Joel Selwood is the best player in the AFL. You can say what you want, but for me no-one is better. Nobody wins more contests, nobody gives as much, nobody plays as well when it matters the most more often.

He gets too many free-kicks you cry, the answer is simple, it’s because he gets to the ball first and goes in harder, you see. When I think ‘Leader’, I think Selwood. When I think ‘Never say die’, I think Selwood. The composure, grit and ease he played with almost immediately somehow befit him.

Nobody ever made excuses for Selwood, they didn’t have to, he didn’t allow it. He was never too young, never needed more games in him, he just was. He mattered from day one and never looked back. And he wouldn’t, because the great ones don’t. They look forward, and they lead, it just happens.

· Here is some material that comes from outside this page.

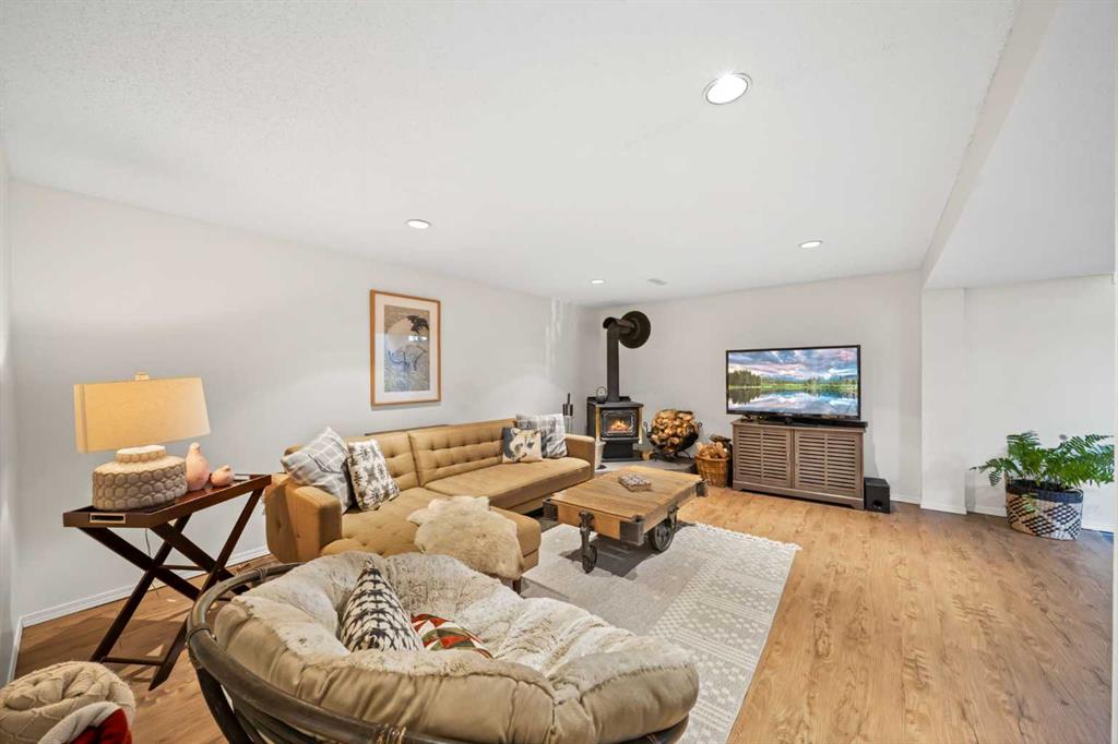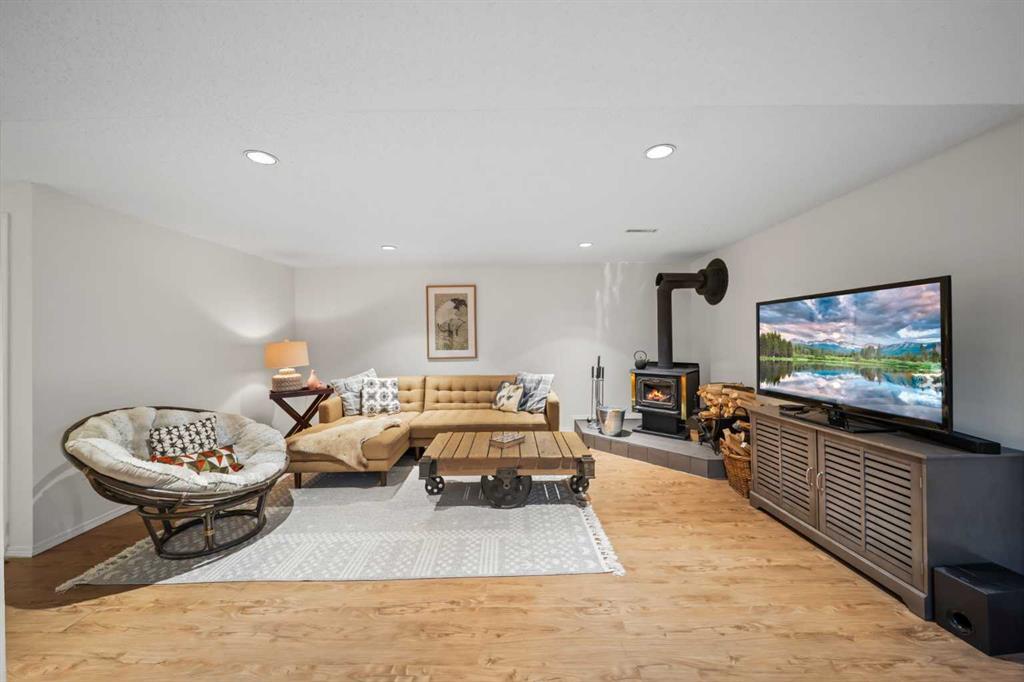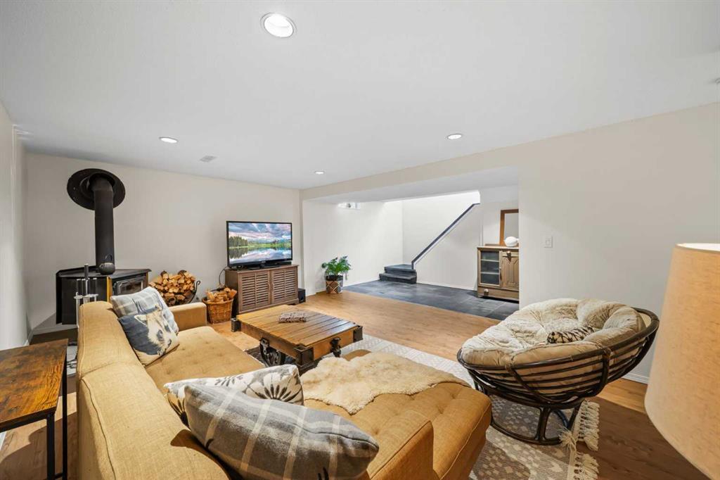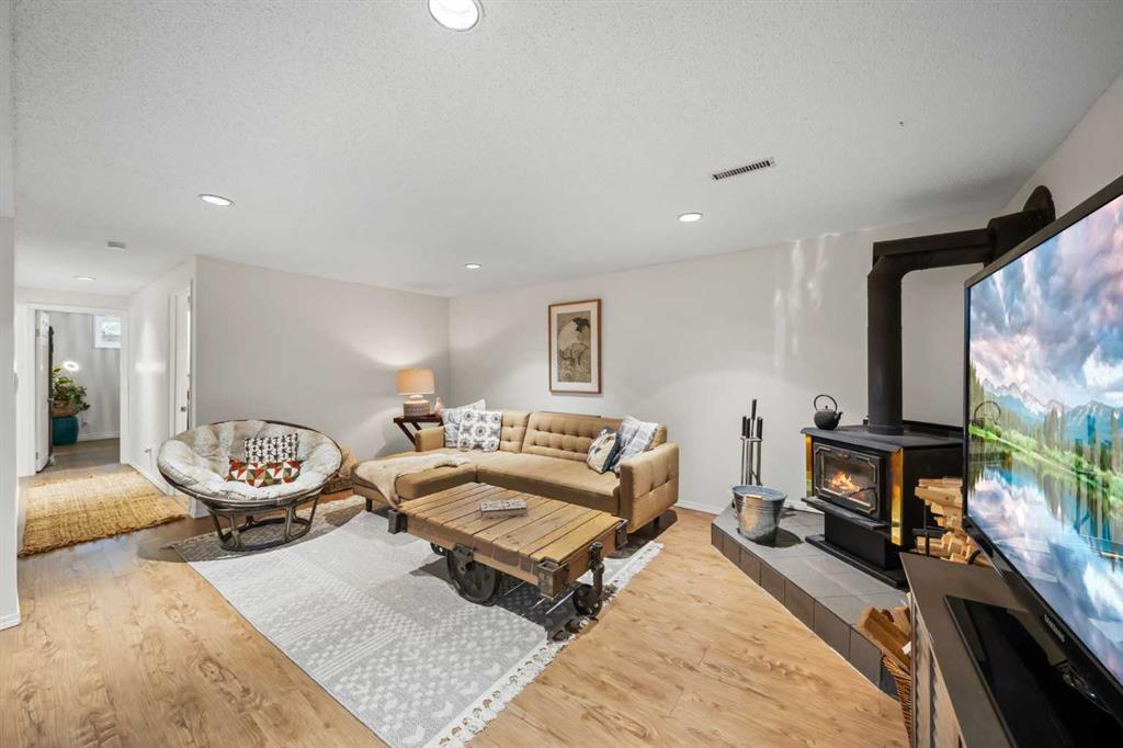 A separate side entrance provides access to both levels, offering excellent potential for an additional living space within the current functional layout. The fully finished basement includes 2 bedrooms, a 3-piece bathroom, a versatile flex room, and a large family room complete with a cozy wood-burning stove—ideal for relaxing or movie nights with family & friends.
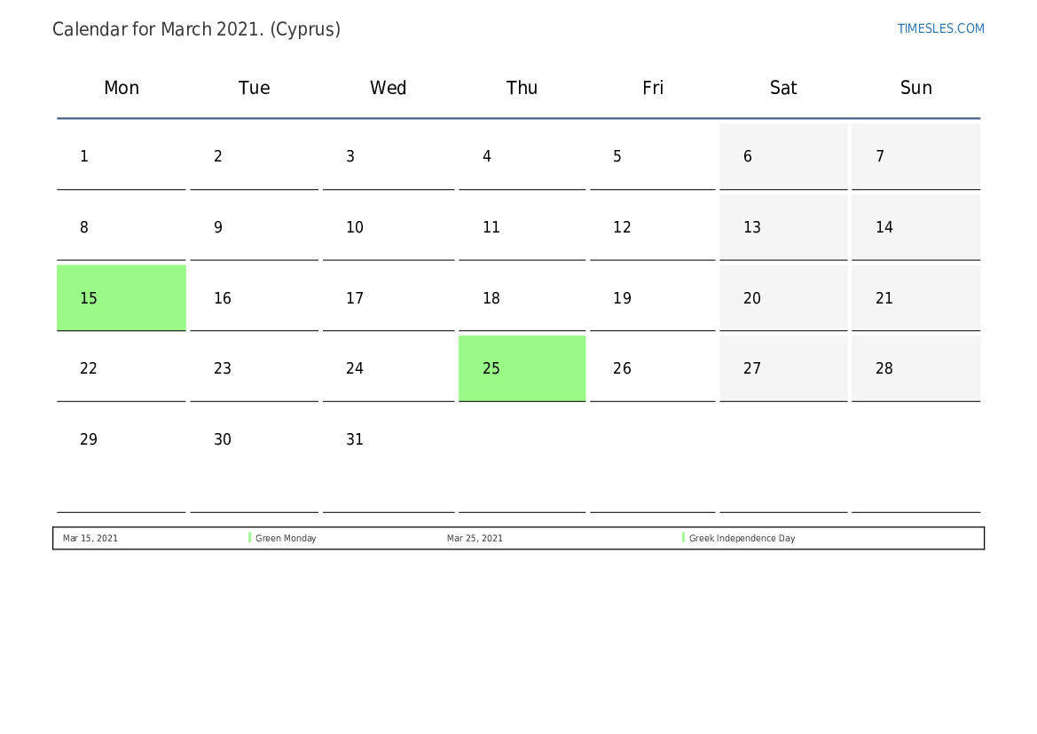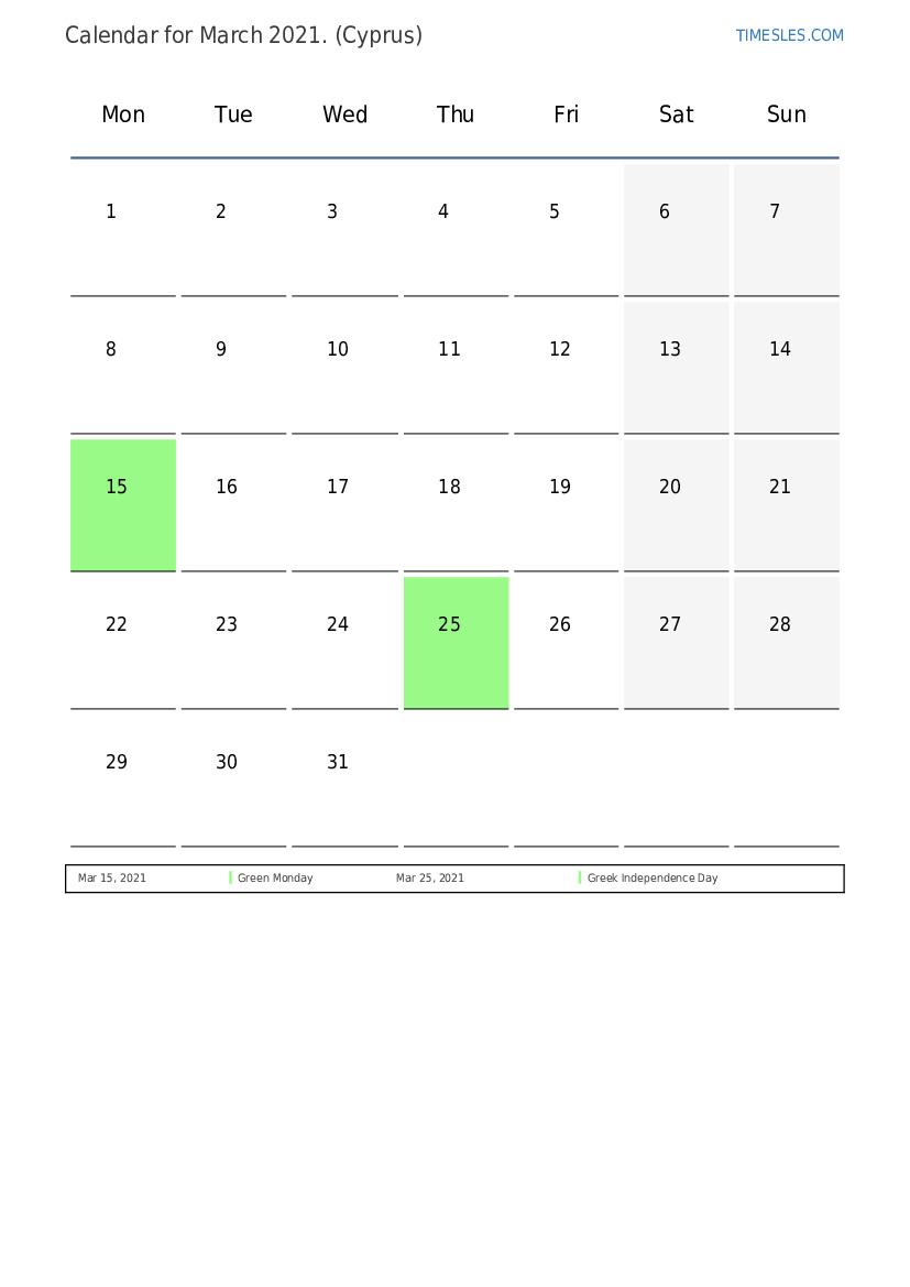 The month of March contains 31 days. This is 3 month of 2021. Season of the year: spring. The month of March starts on Monday and ends on Wednesday. In the month of March 2021, there are 4 holidays and days off in Cyprus.

Carey, Voss, Buckley, Hird – the men that coaches relish, the ones the fans consecrate, a lot of players are contenders in the AFL, not many are all-timers. Selwood is.

The Crowd Says:

2016-07-08T02:34:10+00:00

Giddy

Guest


Buddy or paddy. Fyfe still has them both easily covered though

2016-07-07T05:09:33+00:00

JJ DeCeglie

Guest


I stick by the Lloyd mention... 3 Coleman's, 5 time All-Australian, broke the tonne twice, 7th most goals kicked ever going at about 3.5 a game...mark and goal of the year winner...occasional thug to boot.

2016-07-07T02:54:42+00:00

JohnDee

Guest


... and Fyfe won the Brownlow missing 3 games last year, what's your point? Even IF MItchell had played those 2 games AND received max votes, he still wouldn't be ahead of Selwood in any of these, and it doesn't change anything to do with my point about averages.

2016-07-07T02:38:21+00:00

Richard

Guest


Mitchell has played 2 games less than Selwood this season.. That might explain it

2016-07-07T02:32:51+00:00

Slane

Guest


Buddy is the only current forward who could win a brownlow before he is done. That's enough for me to put him at number 1.

2016-07-07T01:31:21+00:00

JohnDee

Guest


Sam Mitchell? On this years form? Not even top 10, let alone third! Mitchell doesn't rank inside the top 10 in the AFLCA voting (Selwood is third), Mitchell is equal tenth in the HS voting (Selwood is second), and Mitchell is 11th in The Age Footballer of the Year award (Selwood is equal 3rd). Selwood is averaging more clearances, goals, & contested possessions than Mitchell this season. You can have Mitchell any day of the week, because if you're drawing a direct comparison then any logical person is choosing Selwood.

2016-07-07T00:42:35+00:00

me too

Guest


Selwood's not even the best at his club, let alone the AFL. I'd have Mitchell over him any day of the week. Franklin or Paddy as we're only talking this year (going by your exclusion of Fyfe and Ablett). Bont will be up there - but not yet. I'd go Franklin, Paddy, Mitchell, Hannebury, Martin. And agree with Buzzard - what is Lloyd's name doing muddying the brilliant waters of Lockett, Dunstall and Gaz snr?

2016-07-07T00:13:44+00:00

Buzzard

Guest


" Let’s start with the blatant – Buddy Franklin. He will eventually be spoken of in the same reverential tones as Matthew Lloyd, Jason Dunstall, Gary Ablett senior and Tony Lockett." How could you put that imposter Matthew Lloyd in with those other greats.. TURN IT UP !!

2016-07-07T00:11:15+00:00

Richard

Guest


Hodge Mitchell Burgoyne Rioli Lewis

2016-07-07T00:08:17+00:00

Mike Huber

Roar Pro


Buddy by a country mile ! He would be my nightmare opponent . To big, To agile , To quick ( for a tall) , To skillful, To physical.............. rare, rare talent ! However , none of the players you mentioned could play every position on the ground apart from James Hird, maybe he is the best player on that premise ? As for Selwood , not in the same class as Gary Hocking at Geelong . Gary Hocking was a BEAST and makes Selwood look like a boy by comparison .

2016-07-06T21:15:40+00:00

Nev

Guest


...guessing you're a cats supporter then. -- Comment from The Roar's iPhone app.